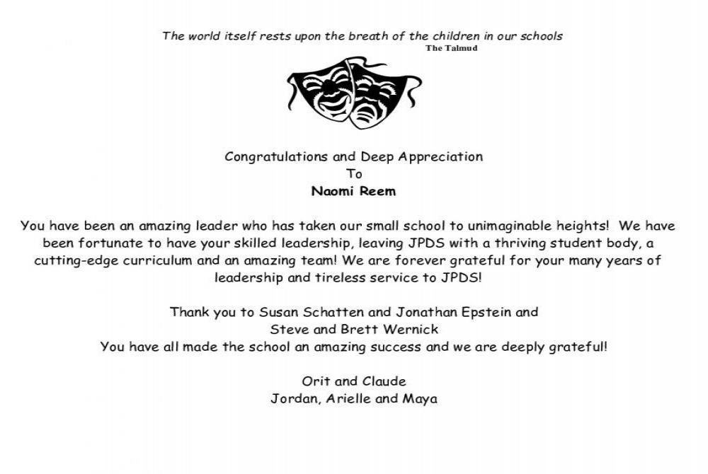 A Tribute to our Beloved Head of School Naomi Reem
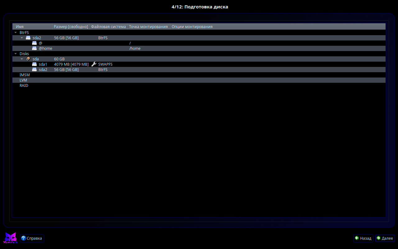 В остальном это стандартный инсталлятор и если вы хоть раз устанавливали системы Альт, то все будет привычно. Для разметки диска предлагается файловая система BTRFS, разметка стандартная: сначала файл подкачки, затем основной раздел. Это удобно при расширении диска.
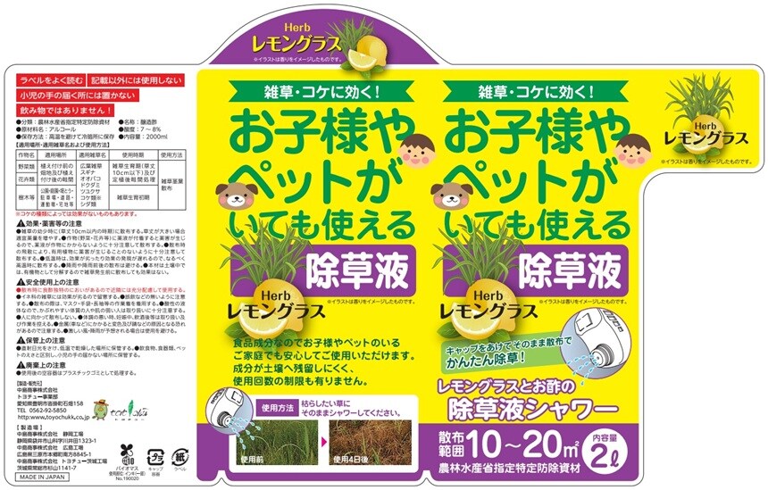 100%食品成分のお酢を使った天然除草液にレモングラスの香りをプラス。

---

▸ What this task involves:
Output the whole listing without change. Any picture is to be left out.

▸ Your solution:
 A Tribute to our Beloved Head of School Naomi Reem
 В остальном это стандартный инсталлятор и если вы хоть раз устанавливали системы Альт, то все будет привычно. Для разметки диска предлагается файловая система BTRFS, разметка стандартная: сначала файл подкачки, затем основной раздел. Это удобно при расширении диска.
 100%食品成分のお酢を使った天然除草液にレモングラスの香りをプラス。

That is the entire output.